Turing machines on represented sets, a model of computation for Analysis

TL;DR

This paper introduces generalized Turing machines (GTMs) tailored for computability in Analysis, enabling direct manipulation of complex objects like real functions and measures, simplifying proofs and extending classical closure properties.

Contribution

The paper presents a new GTM model based on TTE representations, proving closure of computable functions under GTM programming and simplifying proofs in computable analysis.

Findings

Functions computable via representations are closed under GTM programming.

GTM model simplifies proofs and makes them more transparent.

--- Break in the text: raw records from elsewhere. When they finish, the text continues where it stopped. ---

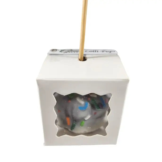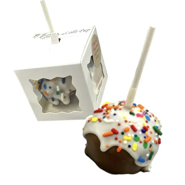 These Lolli-Pups come in a 2" white bakery box and are made with our banana cake recipe. Each one is completely dunked in our yogurt coating, jazzed up with some festive sprinkles, and placed on a stick (completely made of paper). {Please Note: While the paper stick is non-toxic and made of paper, please remove the stick before rewarding your pup to prevent any potential choking hazard. Do not refrigerate. Freezing can extend shelf life. Cake ingredients: Ground oats, banana puree, oat flour, rye flour, honey, rice flour, coconut oil, eggs, molasses, cinnamon, vanilla, baking soda, rosemary extract, sugar, palm kernel and palm oil, natural flavor, sunflower lecithin, salt, carob powder, turmeric, fruit and vegetable juice for color. Guaranteed analysis: Crude Protein (min): 6.2% Crude Fiber (max): 1.0% Crude Fat (min): 21.2% Moisture (max): 10.5% Calorie Content (ME Calculated): 4120 kcal/kg (28 kcal/Puppycake).
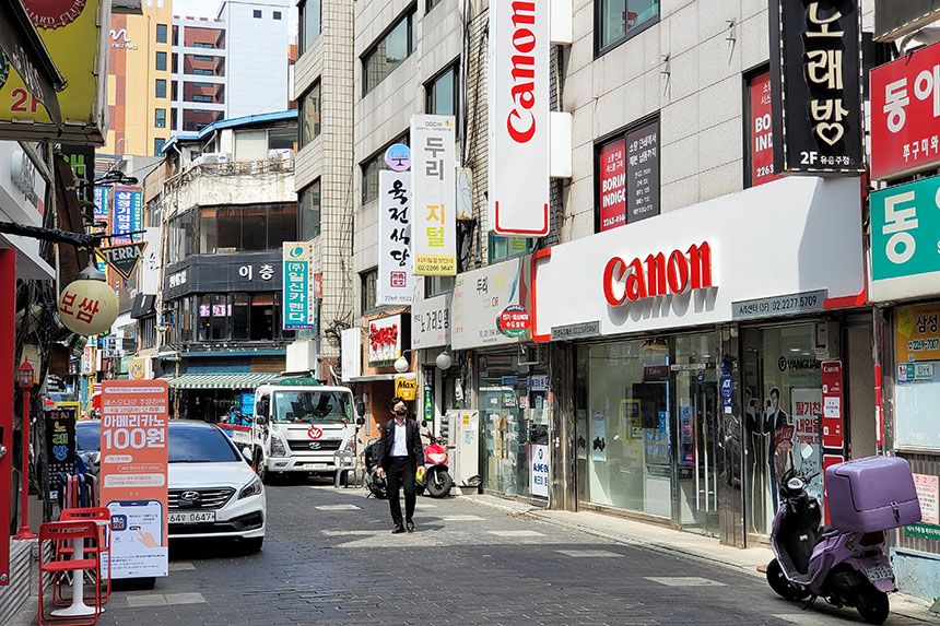 그리고 파리다방이 나오면 왼쪽으로 꺾어서 골목을 들어가 주면 됩니다. 직진하다 보면 캐논이 나오게 됩니다. 그러면 한 블록 정도만 걸어가면 세기 p&c를 찾을 수 있습니다. 스마트폰 지도 기능을 이용하면 어렵지 않게 찾을 수 있을 것 같습니다.
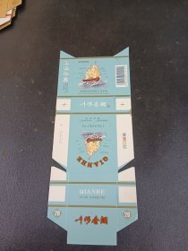 稀少天蓝色卡未使用烟标《千河高级滤嘴香烟,烟标(卡标)》1枚,昆明卷烟厂、徐州卷烟厂联合出品,中国东台市烟草公司专卖
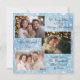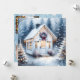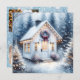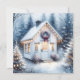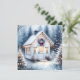 Carte de Noël personnalisée. Jolie maison blanche toute petite décorée de lumières de Noël, d'une couronne et entourée d'une forêt magique enchantée de merveilleux paysages hivernaux. Ajoutez votre salutation de vacances et vos photos de famille dans la zone personnalisée. Arrière - plan de flocon de neige bleu et blanc.

Computable functions on sequences are closed under GTM programming.

Abstract

We introduce a new type of generalized Turing machines (GTMs), which are intended as a tool for the mathematician who studies computability in Analysis. In a single tape cell a GTM can store a symbol, a real number, a continuous real function or a probability measure, for example. The model is based on TTE, the representation approach for computable analysis. As a main result we prove that the functions that are computable via given representations are closed under GTM programming. This generalizes the well known fact that these functions are closed under composition. The theorem allows to speak about objects themselves instead of names in algorithms and proofs. By using GTMs for specifying algorithms, many proofs become more rigorous and also simpler and more transparent since the GTM model is very simple and allows to apply well-known techniques from Turing machine theory. We also show how finite or infinite sequences as names can be replaced by sets (generalized representations) on which computability is already defined via representations. This allows further simplification of proofs. All of this is done for multi-functions, which are essential in Computable Analysis, and multi-representations, which often allow more elegant formulations. As a byproduct we show that the computable functions on finite and infinite sequences of symbols are closed under programming with GTMs. We conclude with examples of application.